The Hegselmann-Krause dynamics for equally spaced agents

We consider the Hegselmann-Krause bounded confidence dynamics for n equally spaced opinions on the real line, with gaps equal to the confidence bound r, which we take to be 1. We prove rigorous results on the evolution of this configuration, which confirm hypotheses previously made based on simulations for small values of n. Namely, for every n, the system evolves as follows: after every 5 time steps, a group of 3 agents become disconnected at either end and collapse to a cluster at the subsequent step. This continues until there are fewer than 6 agents left in the middle, and these finally collapse to a cluster, if n is not a multiple of 6. In particular, the final configuration consists of 2*[n/6] clusters of size 3, plus one cluster in the middle of size n (mod 6), if n is not a multiple of 6, and the number of time steps before freezing is 5n/6 + O(1). We also consider the dynamics for arbitrary, but constant, inter-agent spacings d \in [0, 1] and present three main findings.
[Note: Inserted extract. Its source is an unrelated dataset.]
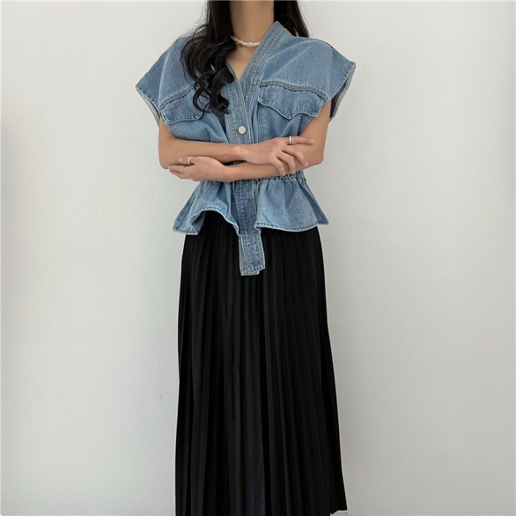 【全品半額クーポン発行中】ウエストマーク デニム ベスト ジレ ショート丈 トップス ノースリーブ ペプラム カジュアル きれいめ 夏 おすすめ レディース オシャレ トレンド 人気 プチプラ 韓国ファッション【2061-brc1012】【予約販売:15-20日】【送料無料】宅込

Firstly we prove that the evolution is periodic also at some other, but not all, values of d, and present numerical evidence that for all d something "close" to periodicity nevertheless holds. Secondly, we exhibit a value of d at which the behaviour is periodic and the time to freezing is n + O(1), hence slower than that for d = 1. Thirdly, we present numerical evidence that, as d --> 0, the time to freezing may be closer, in order of magnitude, to the diameter d(n-1) of the configuration rather than the number of agents n.